What we have in newsrooms today are people as processes and software as systems. We work on the web, through the web and so of the web. The newsroom is now an evolving organism. In getting out a story there is no longer a clear cut path through the newsroom hierarchy. For those of you unfortunate enough never to have worked in a big news organisation I can tell you that whilst a lot of the content produced in newsrooms look similar in their output, the people and the process behind its creation are vastly different from the next.
When you work with data, code and people, there is no set order, process or system. And that is necessary to the endeavour! For any story to be uncovered from data there will always be a data cleaner. Someone needs to be assigned data janitor. In fact, data archeologist would be a more suitable (and desirable) term. Data has layers. And with the peeling away of each layer, data needs to be sifted, cleaned, sorted, analyzed and hypothesized. The process is iterative and at each iteration the researchers, journalists, programmers, editors, etc all have to work in tandem.
Most importantly, their working process needs to be closer to recursion than iteration. So what do I mean by this? In the first level of exploration the base case needs to be set i.e. the surface level of what needs cohering and cleaning, what rough outline of the data picture can we obtain, what’s the story we think it is telling and how can we best tell it. When breaking through the strata, we can’t afford to do the same thing again. So we write as many scripts as possible.
At the moment I am data janitor. That’s a good thing as it’s heavier on the journalism than it is on the code. I’m using Google Refine where I can export the data or just reuse the JSON. I’m using the query language SQL and the statistical analysis package R. With these, I can write the script and rerun it at each level of iteration. But as we dig deeper and learn more, we can ask more complex questions and paint more creative pictures. I can build up my scripts. We are not re-doing anything. We are never using the same process. Each time we are building upon the previous output.

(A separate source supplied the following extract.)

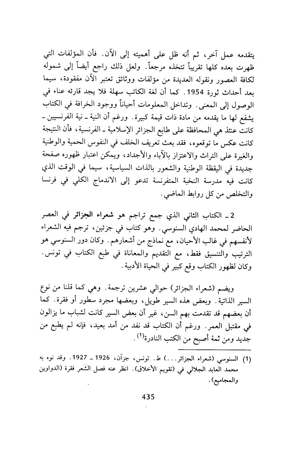 (¬1) السنوسي (شعراء الجزائر ...) ط. تونس، جزآن، 1926 - 1927. وقد نوه به محمد العابد الجلالي في (تقويم الأخلاق). انظر عنه فصل الشعر فقرة (الدواوين والمجاميع).

This is the beauty of freeing yourself from the shackles of software. You only need to do something once and that allows you to loop through the process many times. In that sense, team work is most important, having all hands on deck at each level. You therefore need a multi-skilled team with a lot of crossover. Right now, I’m looking to be an entry level data archeologist, one of the first in the chain. For that you need a journalistic acumen, some faceting with Refine, knowledge of a query language, and some stats with R.
This level is really important in creating a data driven story. Making each level recursive rather than iterative could be the key to a data driven newsroom.